IN 1956 Laurence Olivier directed a film, The Prince and the Showgirl. He took the role of the Regent of Carpathia who, in London in 1911 for the Coronation of George V, meets and woos an American chorus-girl, played by Marilyn Monroe.

The shoot was, for various reasons, a stressful one, but the film, when it was released in the summer of 1957, earned respectable reviews both here and in America, and little of the on-set tensions were evident.

Just three years before the film shoot, Olivier himself had directed a production of the stage play, The Sleeping Prince, on which the film was based. It had been written by Terence Rattigan. The female lead was Olivier’s then wife, Vivien Leigh. And 1953 was, of course, the year of the Queen’s Coronation.

As Donald Spoto recounts in Laurence Olivier: A Biography, Olivier had approached Rattigan in early 1953 to ask if he might have a possible vehicle for himself and Vivien. The playwright said he had written a Ruritanian trifle which would showcase them well, but was beneath their talents. Olivier, however, took to the play, and began plans for rehearsals.
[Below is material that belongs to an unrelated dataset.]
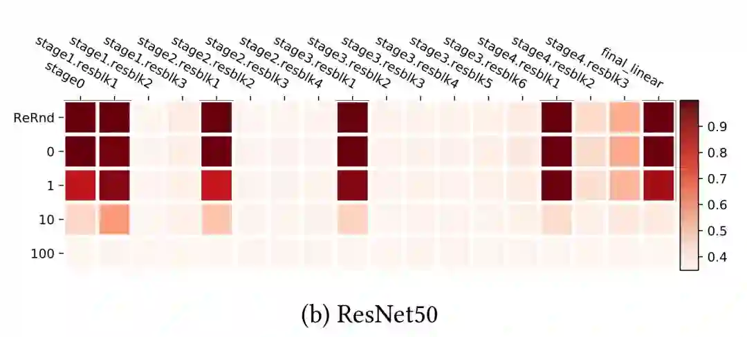 图 10。在 CIFAR10 上训练的 ResNet-50 模型的层重新随机化(第一行)和重新初始化(重置行)的稳定性。(图的来源:原始论文)

“The plot”, says Spoto, “was gossamer-thin ... the conscientious, unattractive and philandering Prince Regent of Carpathia meets an American chorus girl. Reluctant to be casually seduced by a man for whom love is so perfunctory, she demands royal treatment.

“With no time to seek a more compliant conquest, the prince yields to her numerous requests ... but with too much success. The girl takes the endearments and the eventual seduction seriously, and refuses to leave the Prince”.

The Sleeping Prince toured before opening in London. In October 5, 1953, it played at the King’s, in Glasgow. The appearance of such a high-profile couple as Olivier and Leigh drew much interest from the public and the press.

It opened to a full house and was given an enthusiastic reception. “It cannot be said that ‘The Sleeping Prince’ is Rattigan at his best”, noted the Glasgow Herald’s reviewer, “yet it has many amusing situations and lines which create much genuine laughter, and it provides excellent material for Vivien Leigh. Hers is a sparkling and beautifully light performance. Perhaps Laurence Olivier’s material is not quite so good, but he has some fine moments”.

The Evening Times critic said that with the Oliviers at the King’s in the latest Rattigan comedy, Glasgow had reached the peak of the current theatrical season. “Such a peak gives us a view of unique finesse in acting, and of the rising standards of a dramatist who has already scaled considerable heights”.

In his book Spoto says the play opened in London to politely unenthusiastic notices. It ran for 34 weeks, despite some critics complaining that “so much talent should have gone into something so little”.